Island Girl Posted September 10, 2006 Posted September 10, 2006 Values: Thanks for bashing me and giving another perspective about your personality. If jumping to conclusions and making incorrect assumptions were an Olympic sport, you'd get the gold buddy. FYI Guy -- I am not your ex. I was happily dating my now husband -- yes, did the whole engagement and wedding to completion --- when you were having your relationship with this sociopathic girl. You said, "probably not her but who knows", and yet at the end you say I am messed up. --I am not "messed up". --I have never dated you. --I don't know you. --My family is not wealthy. I was never sent to live with my grandmother. --I would think that if you knew this girl well enough to ask her to marry you, you would be able to tell how she writes or words or phrases she would use. Perhaps you never knew her at all. -- I have never --- NEVER -- been on a site called womansavers/manhaters. I don't hate men. Not in the least. I felt sorry for you when I read your initial post and even discussed it today. I was remarking that the girl who did this to you was terrible and since she was doing this back to back with guys over and over again that it was my opinion she is going to keep doing it. But quite possibly you have given us a skewed perspective about what actually happened in reality as opposed to what acually happened in real life. The way you went on to put words in my mouth after I assuming I am your ex, well, I am not a false persona. I am honest. And AGAIN don't even know you. Do you need further clarification of that?!!! You really owe me an apology for bashing me and posting things and attributing them to me that aren't true.
Author Values Posted September 10, 2006 Author Posted September 10, 2006 I don't think I owe YOU an apology and due to the mix up you have not been able to see, I will not ask for one in return from you.

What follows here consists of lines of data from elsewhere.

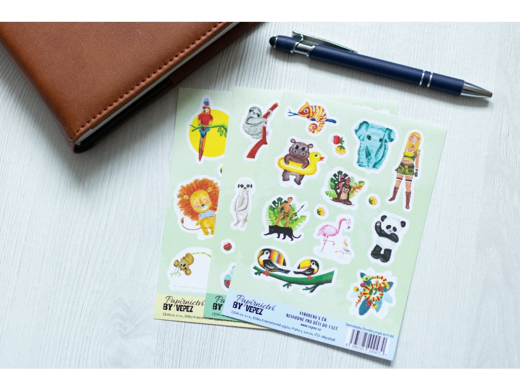 Pokud hledáš samolepky plné divoké energie džungle, aršík „Výprava do jungle“ je ideální volbou.
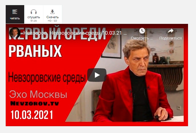 Зная о совершенно омерзительном информационном фоне, транслируемым либеральными СМИ, я туда особо и не совалась, и тем более слушать Невзорова мне и в голову не приходило. Я же помню его «600 секунд». «Неужели у кого-то будет желание окунаться в эту помойку вновь» — думала я. Ну вот, заглянула. А потом посмотрела количество просмотров его «Сред...» и «Наповал» – семьсот тысяч, триста, шестьсот, миллион… Пусть там будет половина, даже две трети ботов, но даже оставшаяся одна треть – это настолько много, что реально становится страшно от того, сколько же некродерьма он успел влить в сознание слушателей.
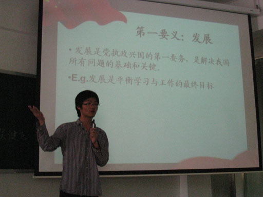 之后,他从科学发展观的内容入手,深入浅出的为大家讲解如何将科学发展观理论与实际生活相结合,并将自己总结出一套有效平衡工作与学习的方法——“TO PEE”理论与同学们分享。
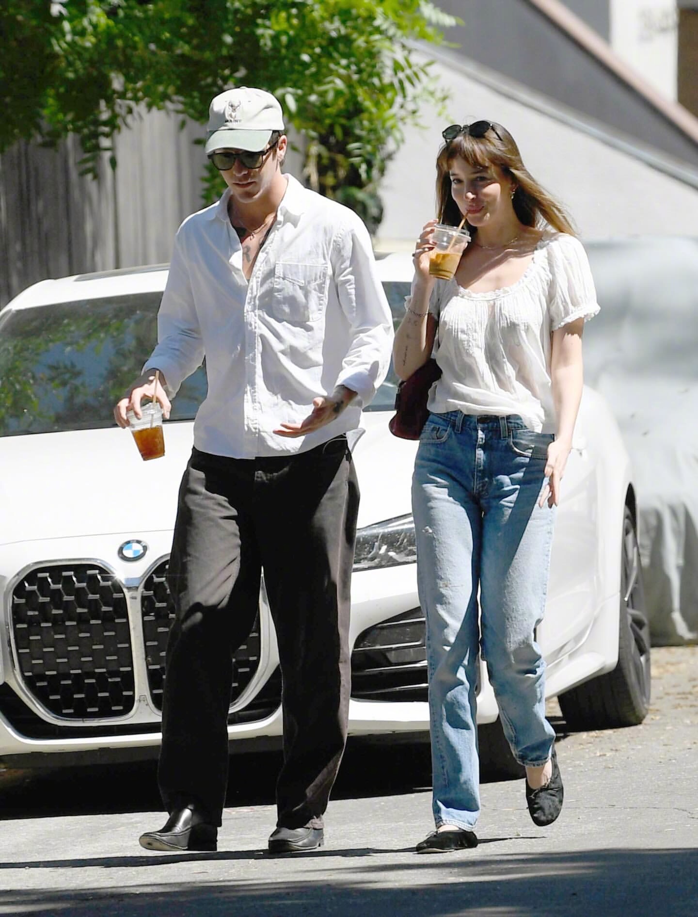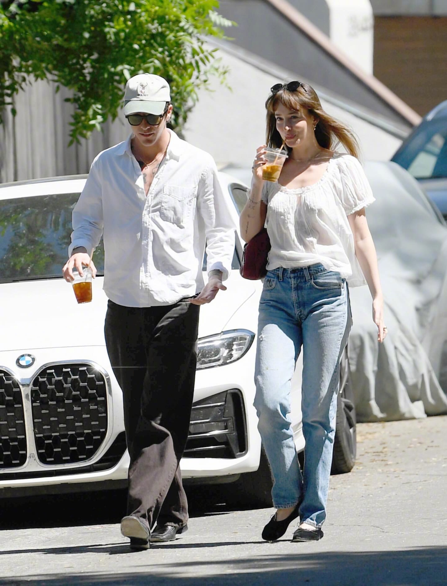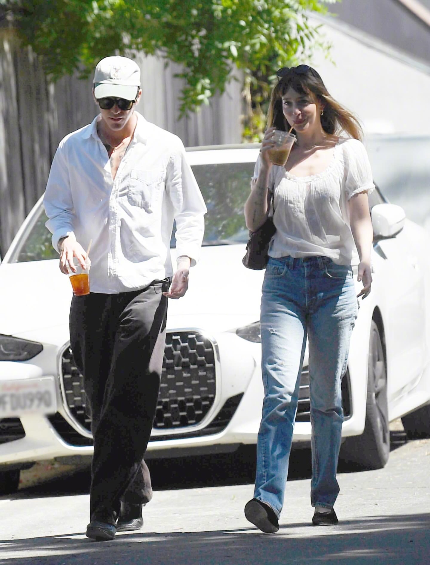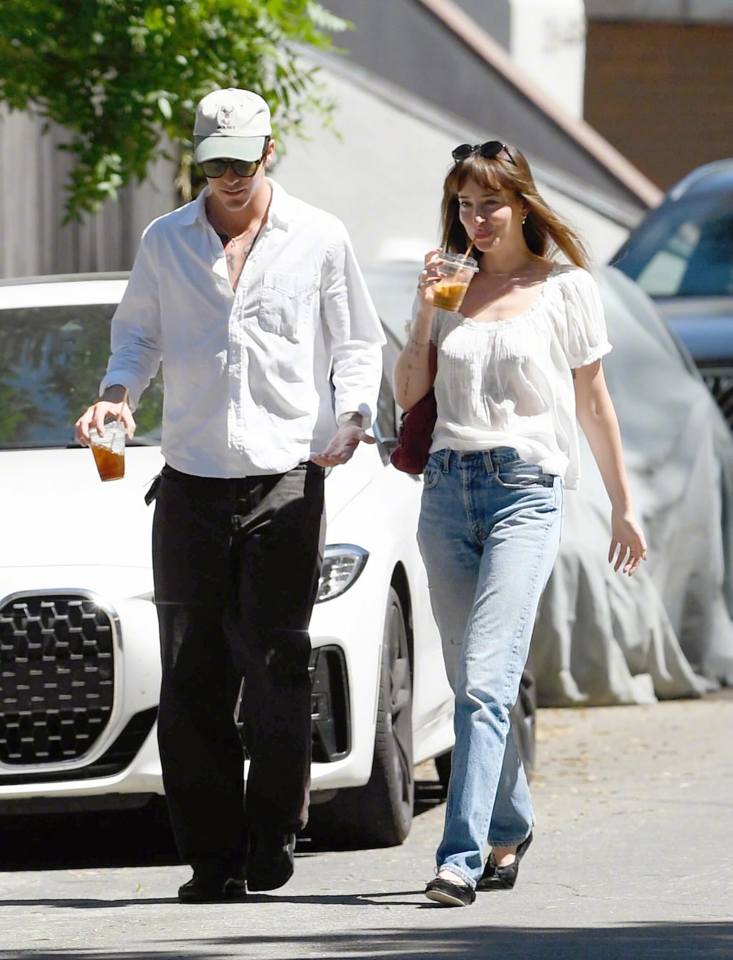 达妹Dakota Johnson和新男友塔克·皮尔斯伯里前往杰里米·艾伦·怀特(Jeremy Allen White)位于洛杉矶的家中参加派对被拍。爱情滋养中的达妹难掩开心!鞋和包都出自The Row ,佩戴的是卡地亚耳环。米拉服饰解析
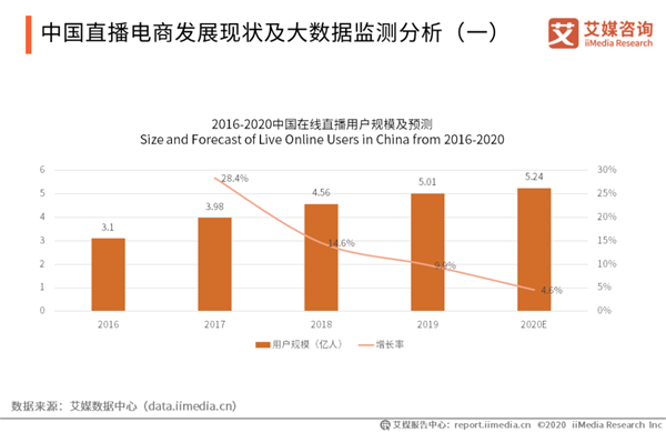 市場數據分析(節選): 中國直播電商發展現狀及大數據監測分析(一) iiMedia Research(艾媒咨詢)數據顯示,到2020年中國在線直播用戶規模將達到5.24億人,涵蓋了游戲直播、秀場直播、生活類直播、電商直播等,說明觀看直播逐漸成為人們的上網習慣之一。艾媒咨詢分析師認為,龐大的直播用戶體量是直播電商行業進行商業變現的前提之一。
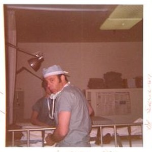 Photo -color: Dr. John Sweeney in Recovery Room of Palm Drive Hospital following patient surgery. c. 1970, Photo from Palm Drive Hospital Scrapbooks
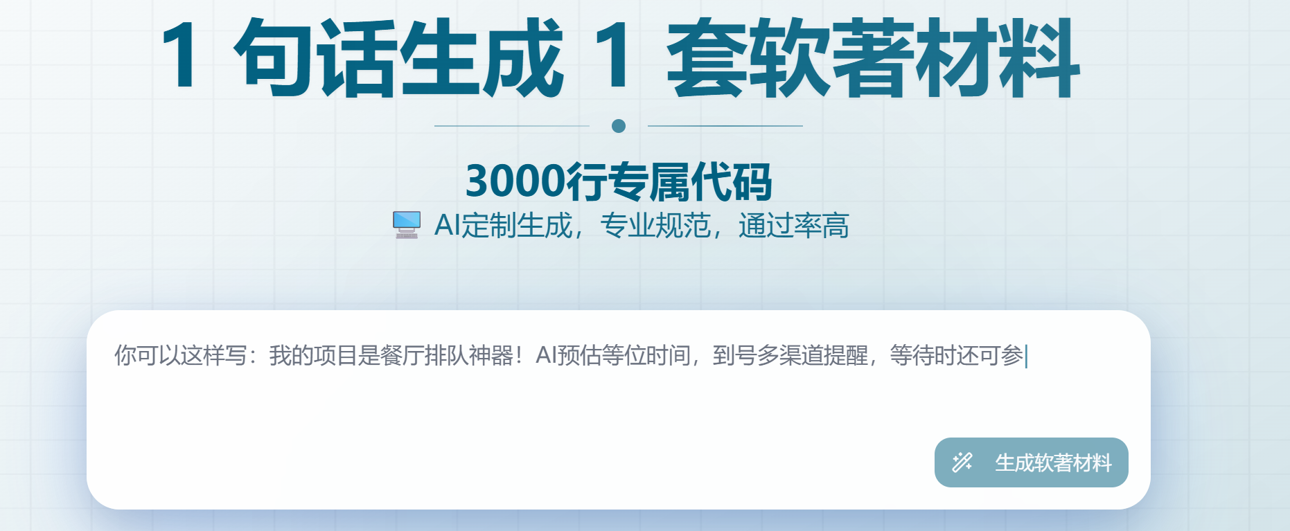 语流软著宝根据项目名称和简介、定制生成页面、操作文档和代码,降低自己动手DIY申请软著的门槛,1、2个小时就能搞定了软著申请。
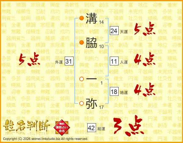溝(14画)脇(10画) 一(1画)弥(17画)
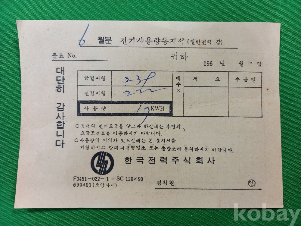 이 문서는 한국전력주식회사에서 발행한 오래된 전기사용량통지서(전기요금 고지서)입니다.
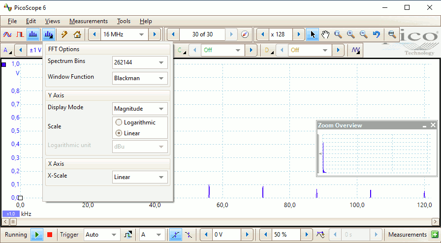 In questa pagina utilizzeremo un Picoscope 3405A prodotto da Pico Technology ed il software Picoscope v 6.x, l'ultimo disponibile nel momento della prima stesura di questa pagina. Una versione più aggiornata è disponibile alla pagina Laboratorio: spettro di un segnale
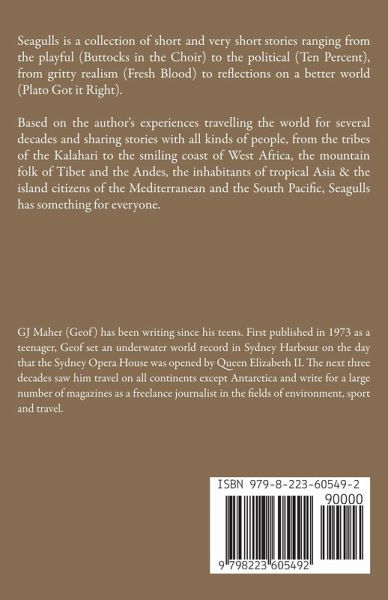 Seagulls is an eclectic collection of short, shorter and micro stories by GJ Maher which takes us from the refugee trails of Africa to Charles Dickens' country studio, from a monkey writing his first story to a jetty somewhere in coastal Australia where they sell, of all things, ideas. From politics to travel, word games to love poems, campfire conversations to polemic - if you're a sucker for exotic locations and unexpected encounters, this is the collection for you. GJ Maher draws on a rich lifetime of travel to exotic locations, conversations with unusual people, and a strong sense of compassion and justice in these diverse tales, anecdotes and opinion pieces.
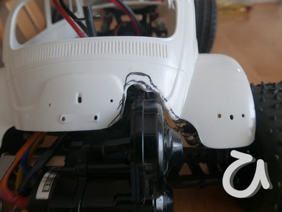 DT-03Tのギアボックスケースとたワーゲンオフローダーボディーの干渉する部分にペンで
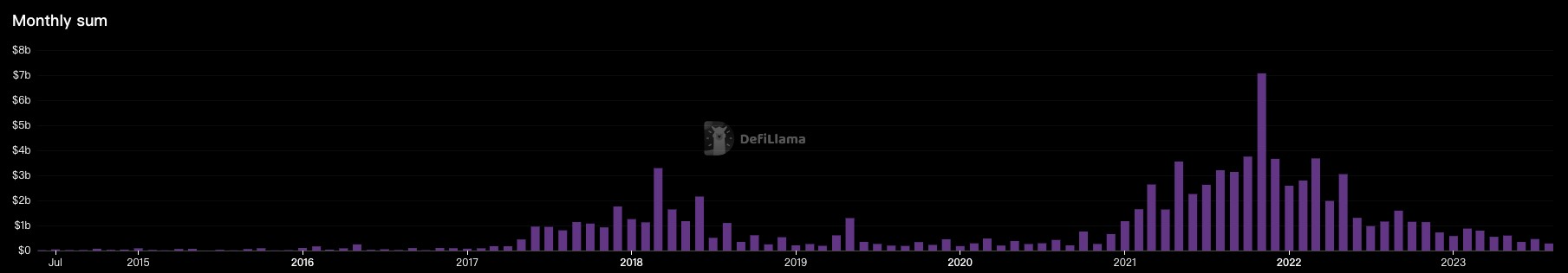 场内资金不足,山寨币去泡沫。除去BTC和ETH的加密货币总市值已接近6月底部区间,山寨币整体持续失血,呈现出阴跌的走势。XRP完全抹去了SEC官司胜诉带来的涨幅,ARB则是跌破了6月的低点,仅有部分小市值山寨币在做市商的参与下出现Pump & Dump行情。曾经的链上明星项目UNIBOT、BITCOIN、OX的下跌幅度更大,表明市场资金和信心都不足。
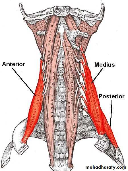 The scalenus medius lies behind the scalenus anterior and extends from the transverse process of the atlas and the transverse processes of the next five cervical vertebrae downward and laterally to be inserted into the upper surface of the 1st rib behind the groove for the subclavian artery. The muscle lies behind the roots of the brachial plexus and the subclavian artery.
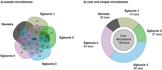 Unique bacterial and fungal taxa were identified in higher numbers in landrace samples compared to the modern cultivar. Specifically, the unique bacterial taxa present in the Eglouvis 1–4 rhizosphere microbiome samples ranged within 38–88, with the Eglouvis 3 sample exhibiting 88 bacterial taxa, in comparison to Demetra presenting 25 (Table 3). On the other hand, far fewer fungal taxa were identified as unique in all samples, with a range of 0–2. Thus, the total number of unique taxa identified in all samples ranged within 37–90, with the Eglouvis 3 sample hosting the largest number (90) of unique taxa and Demetra the smallest (26).
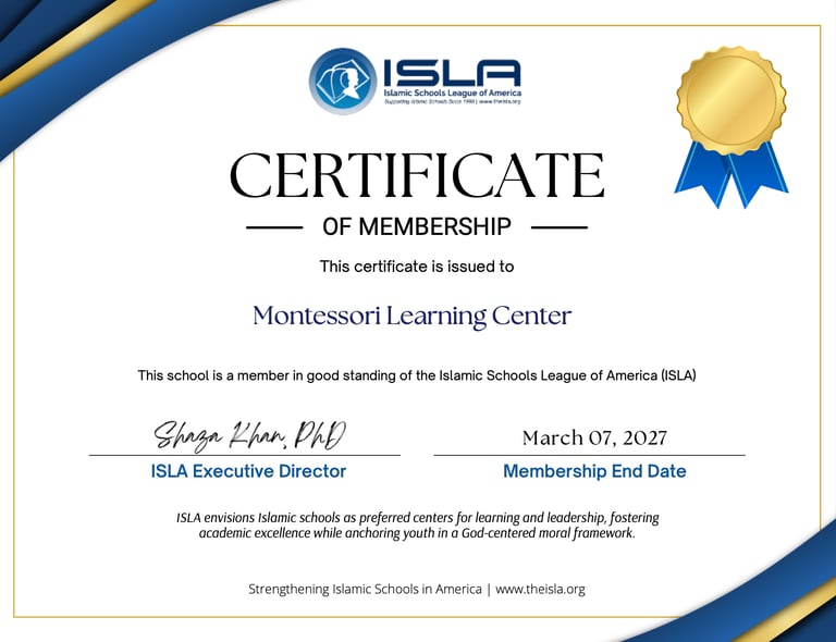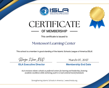 Our school is honored to be an official member of the Islamic Schools League of America (ISLA), a network of Islamic schools dedicated to advancing excellence in education, leadership, and collaboration across North America.
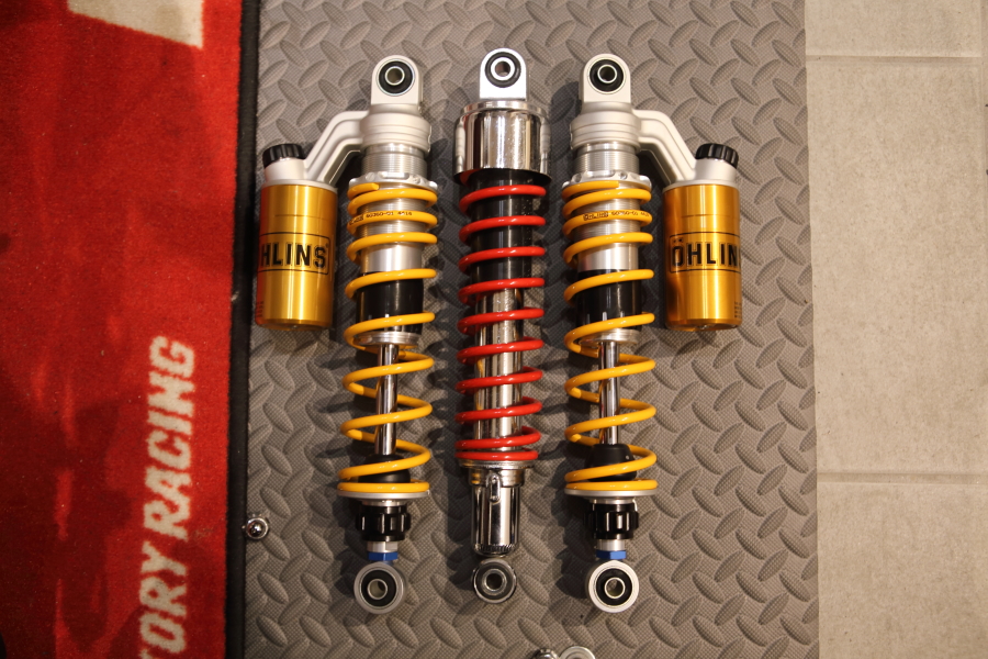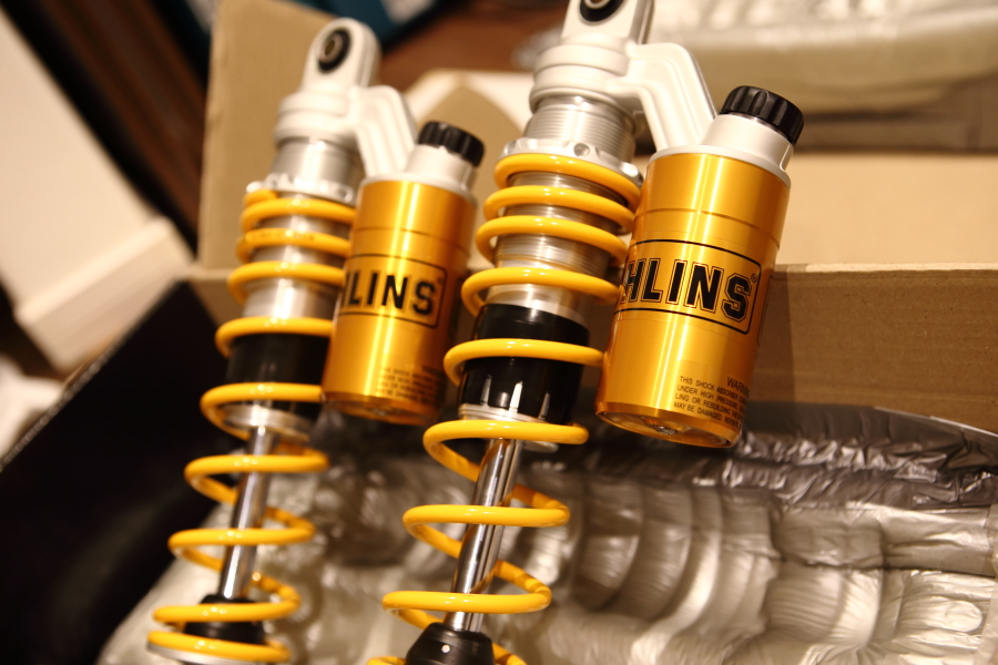 オーリンズのリアサスペンション、フルアジャスタブル・ツインショック!!

Your name on here is Island Girl with a space in between. The name I was referring to on this site is IslandGirl with no space. Go ahead and search it, you'll find 2 posts from that person. That IslandGirl has no info in her profile like you do. I have never seen your screen name until this morning. I think if you look a little deeper you will find there was a just two very similar screen names. If I had been aware of your presence on this site I would have been sure to clarify that I'm not talking about the northern Nevada one. Sorry for the mixup. I can say that everything I've said on this site about my past relationship has been true, (otherwise what's the point?) and I don't appreciate you trashing me so quickly.